Late to the party but ...

I'm new to python and come from a lisp background. This is what I came up with (check out the var names for lulz):

def flatten(lst):
    if lst:
        car,*cdr=lst
        if isinstance(car,(list)):
            if cdr: return flatten(car) + flatten(cdr)
            return flatten(car)
        if cdr: return [car] + flatten(cdr)
        return [car]

Seems to work. Test:

A = [ [(1,2,3),(4,5,6)], [(7,8,9),(8,7,6),(5,4,3)],[(2,1,0),(1,3,5)] ]

flatten(A)

Result:

[(1, 2, 3), (4, 5, 6), (7, 8, 9), (8, 7, 6), (5, 4, 3), (2, 1, 0), (1, 3, 5)]
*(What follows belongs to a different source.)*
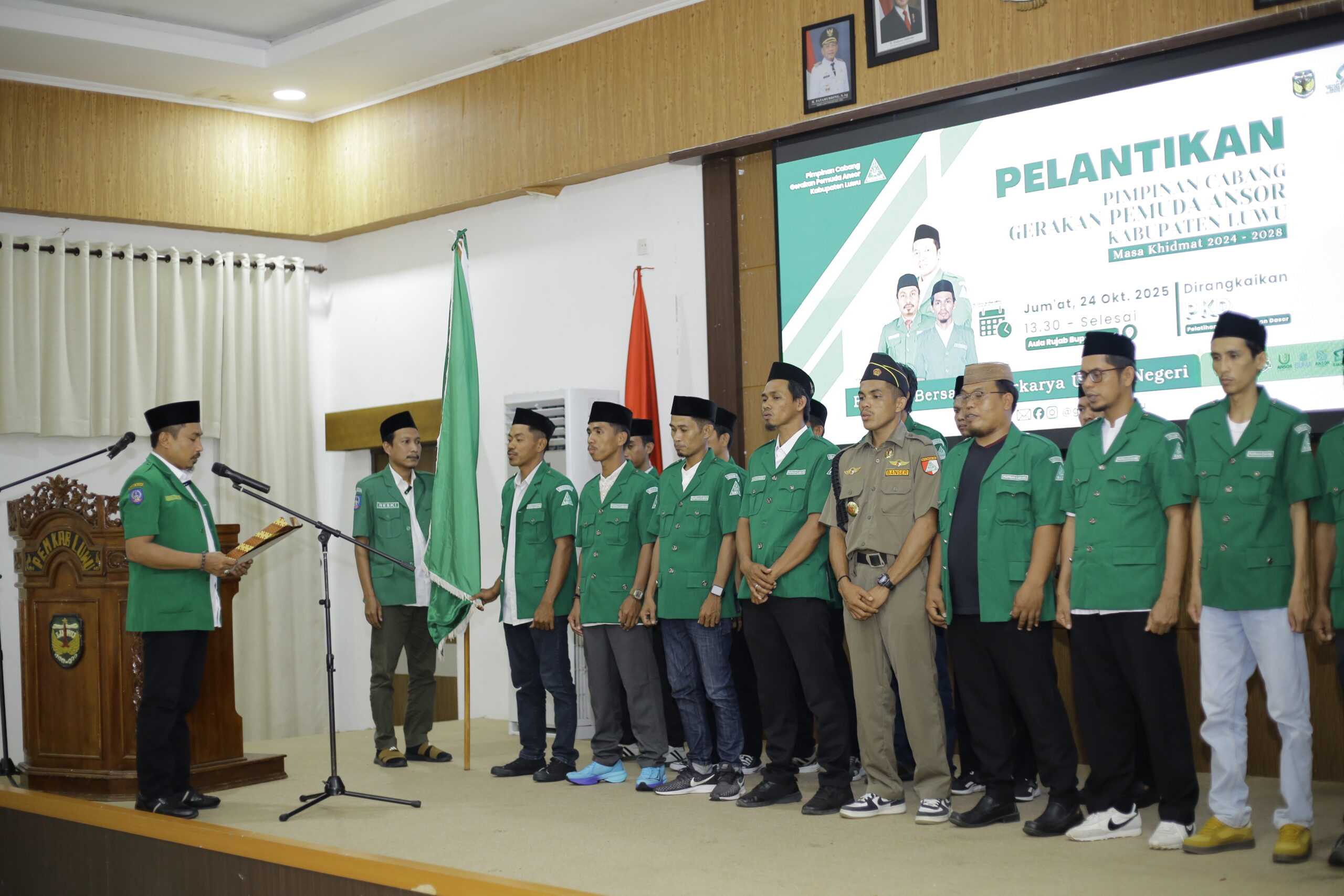 Ketua Pengurus Wilayah Gerakan Pemuda (GP) Ansor Sulawesi Selatan, Rusdi Idrus (kiri), Saat Melantik Pimpinan GP Ansor Kabupaten Luwu masa khidmat 2024–2028 di Aula Rumah Jabatan Bupati Luwu, Belopa Utara, Jumat (24/10/2025). (ist)

Note: the line car,*cdr=lst only works in Python 3.0

This is not exactly one step, but this would do what you want if for some reason you don't want to use the itertools solution:

def crossprod(listoflists):
    if len(listoflists) == 1:
        return listoflists
    else:
        result = []
        remaining_product = prod(listoflists[1:])
        for outertupe in listoflists[0]:
            for innercombo in remaining_product[0]:
                newcombo = [outertupe]
                newcombo.append(innercombo)
                result.append(newcombo)
        return result

def flatten(A)
    answer = []
    for i in A:
        if type(i) == list:
            ans.extend(i)
        else:
            ans.append(i)
    return ans

This may also be achieved using list comprehension.

In [62]: A = [ [(1,2,3),(4,5,6)], [(7,8,9),(8,7,6),(5,4,3)],[(2,1,0),(1,3,5)] ]

In [63]: improved_list = [num for elem in A for num in elem]

In [64]: improved_list
Out[64]: [(1, 2, 3), (4, 5, 6), (7, 8, 9), (8, 7, 6), (5, 4, 3), (2, 1, 0), (1, 3, 5)]